Relying on frontier closed MLLMs (GPT-5/Gemini-3-Flash) for judging poses risks for long-term reproducibility and cost. Open-source judges showed lower human correlation.
Weights for scoring points are currently averaged; they do not reflect the hierarchical importance of "main structure vs. minor details."
The scope is limited to "drawing exams," leaving animations, videos, and 3D disciplinary visualizations for future work.

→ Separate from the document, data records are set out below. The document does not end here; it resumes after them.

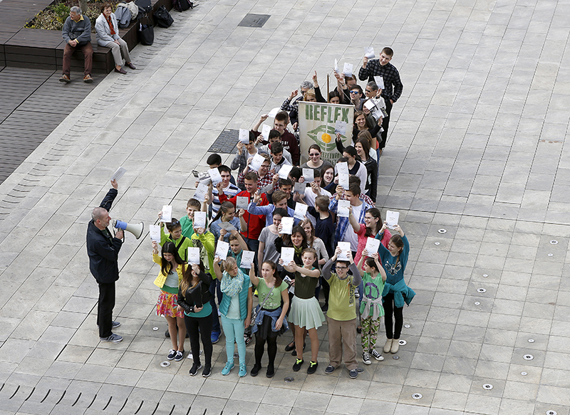 A Reflex környezetvédő egyesület felhívásra a Bencés gimnázium és a Gyakorló általános iskola diákja vettek részt a villámcsődületen. Lajtmann József környezetvédő elmondta, először 1970- ben, az USA-ban, Denis Hayes hívó szavára diákok, egyetemisták demonstráltak a Föld védelmében.
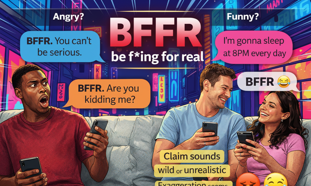 The most common bffr meaning is: “Be f*ing for real.” People use it to say, “Are you serious?” or “No way, be honest,” or “Stop playing.” In everyday texting, it is often used as a reaction to something surprising, dramatic, or hard to believe. It can be playful, like friends joking around, or it can be sharp, like calling someone out. That is why context matters so much. The same letters can feel funny in one chat and harsh in another. Most of the time, it is a strong reaction phrase, not a deep message.
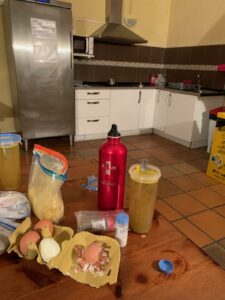 Um 8:00 Uhr gibt es Frühstück, also stehen wir um 7:00 Uhr auf und packen die Rucksäcke. Das Frühstück ist lecker und es gibt sogar frisches selbstgebackenes Brot.

vs MMMU / MMLU / Humanity's Last Exam: While these cover multidisciplinary exams, they target understanding; GenExam brings the same level of rigor to the generation domain.
vs MMMG / OneIG-Bench / SridBench: Compared to other disciplinary T2I benchmarks, GenExam features longer prompts, harder constraints, and finer scoring.
Insight: Implementing VQA-style scoring points provides a universal interface for model evaluation, suitable for multimodal reasoning, agent benchmarks, and code generation. The current disadvantage of unified architectures in generation suggests that "understanding + generation" shared backbones require further architectural refinement.

Rating¶

Novelty: ⭐⭐⭐⭐ First disciplinary-level T2I exam benchmark; scoring-points protocol is a significant innovation.
Experimental Thoroughness: ⭐⭐⭐⭐⭐ 17 models × 10 disciplines × dual metrics + 5 human annotators for 250 tasks + multi-evaluator robustness check.
Writing Quality: ⭐⭐⭐⭐ Clear charts and well-explained protocols.
Value: ⭐⭐⭐⭐⭐ Provides the first "exam-grade" evaluation for the T2I community; likely to become a standard for unified MLLM performance.